ASSIGNMENT:
Pictures stay out of the output. Return exactly the lines below from the one with "Echinocactus grusonii is" down to the one with "Colourful and surreal", both included, and nothing more.

EXCERPTED RECORDS:
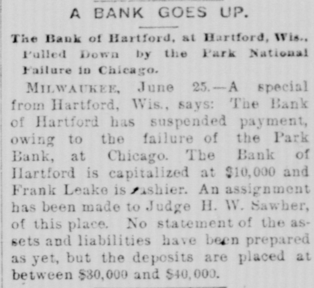 The Bank of Hartford (Hartford, Wis.) suspended payment on June 24, 1890, explicitly attributed to the failure/suspension of the Park (Park National) Bank of Chicago. An assignment was made to H. W. Sawyer (assignee), indicating a permanent failure/closure rather than a temporary suspension or reopening. December articles describe the institutions as private corporations operated by Cooke and Leake, supporting classification as a private bank.
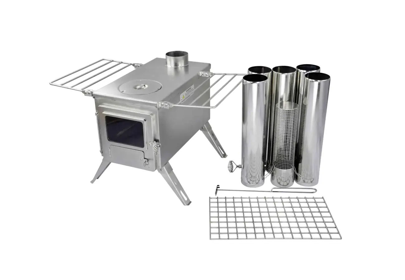 The Winnerwell® Nomad Large wood stove is carefully crafted from 304 stainless steel, making it portable, easy to use, and durable. The Winnerwell Large series is the largest stove in our collection. It’s perfect for heating and cooking in Tentipi tents, as well as recreational shelters such as wall tents, tipis, cabins, tiny houses, patios, and more. The Nomad stove is an ideal companion for camping and outdoor recreation.
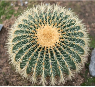 Echinocactus grusonii is popularly known by this name. It has prominent ribs and sharp spines.
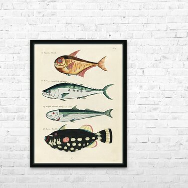 Colourful and surreal illustrations of fishes found in Moluccas Indonesia and the East Indies by Louis Renard 1678 -1746 from Histoire naturelle des plus rares curiositez de la mer des Indes 1754. Picture Frame Printing
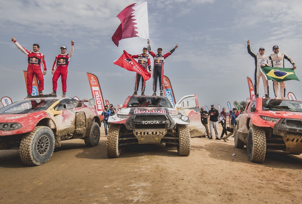 Com o navegador Mathieu Baumel ao seu lado na Hilux, o piloto do Catar chegou ao comando da prova na terceira etapa e não mais largou essa posição, vendo os seus principais rivais ‘caírem’ um a um devido a diferentes tipos de problemas. O seu maior adversário acabou por ser o francês Sébastien Loeb (Bahrain Raid Extreme), atrasado severamente logo na segunda etapa após uma quantidade enorme de furos nos pneus do seu carro terem levado à perda de mais de uma hora.
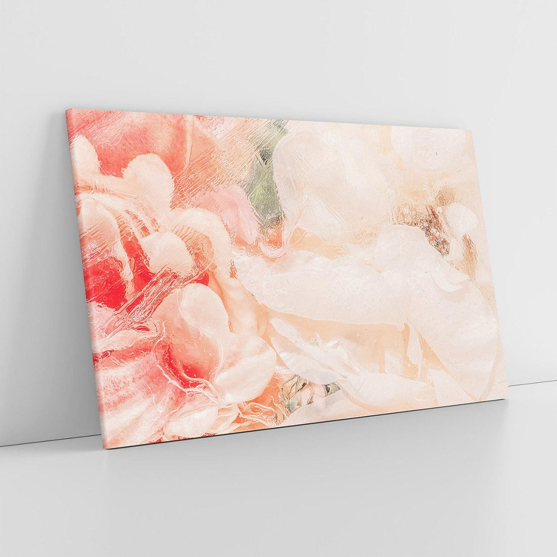 To wyjątkowa abstrakcja, która subtelnie przywodzi na myśl piękno kwiatów, zwłaszcza róż. Pudrowe kolory harmonijnie się splatają, tworząc spokojny i elegancki klimat. To dzieło sztuki emanuje delikatnością i wyrafinowanym wdziękiem, idealnie wpisując się w przestrzenie, gdzie poszukiwany jest luksusowy akcent i oddech glamour.
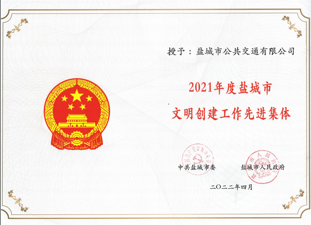 - 2022年4月公司被授予2021年度鹽城市文明創(chuàng)建工作先進集體榮譽稱號
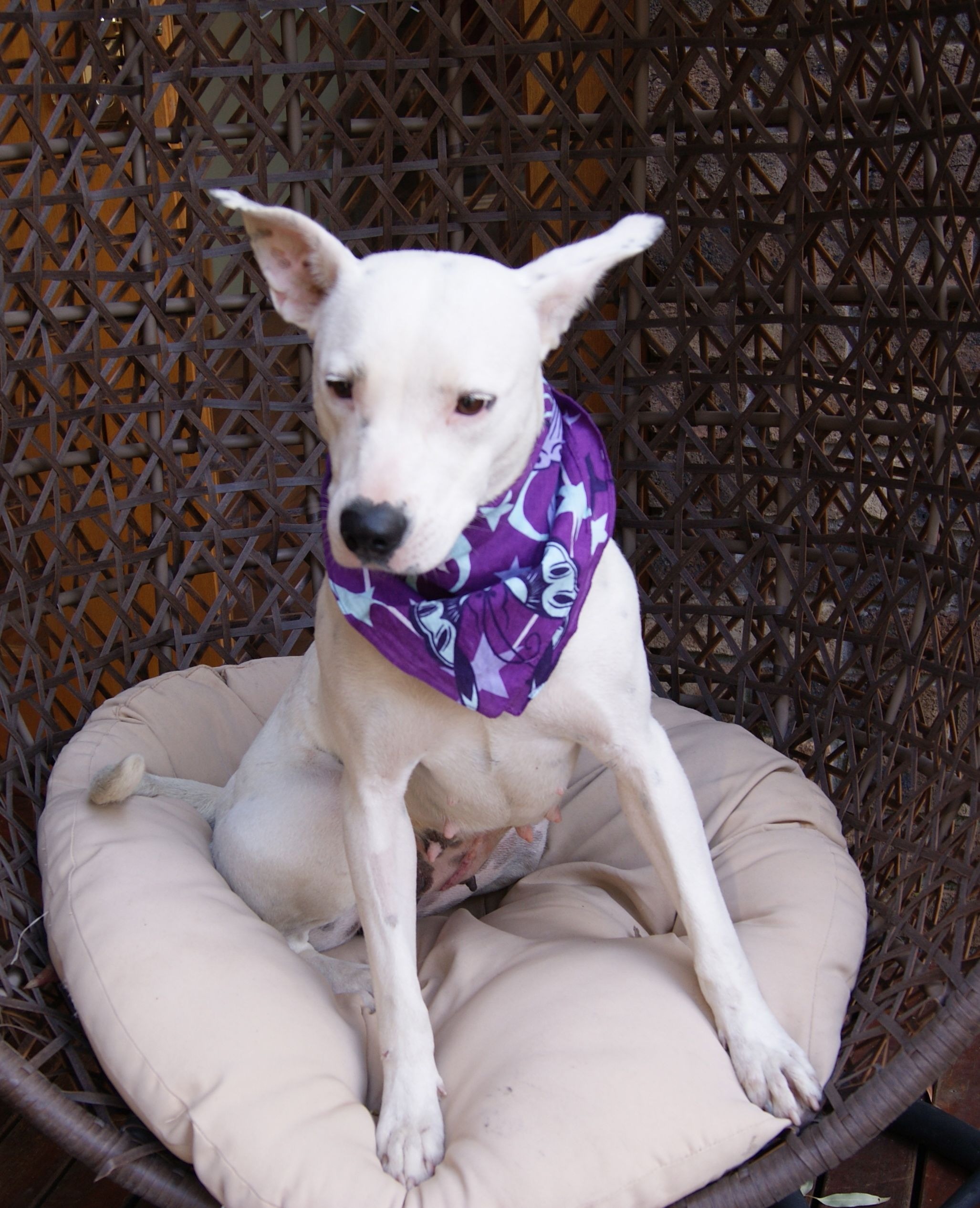 Lucy is a 14mth old Dalmation x. She is small for breed. She is a sweet gentle girl with a soft easy temperment. She loves to play with the 6 dogs she is living with. She loves to be stratched on the tummy. It makes her give a big doggy smile. She is great with free ranging chickens.

TASK RESULT:
 Echinocactus grusonii is popularly known by this name. It has prominent ribs and sharp spines.
 Colourful and surreal illustrations of fishes found in Moluccas Indonesia and the East Indies by Louis Renard 1678 -1746 from Histoire naturelle des plus rares curiositez de la mer des Indes 1754. Picture Frame Printing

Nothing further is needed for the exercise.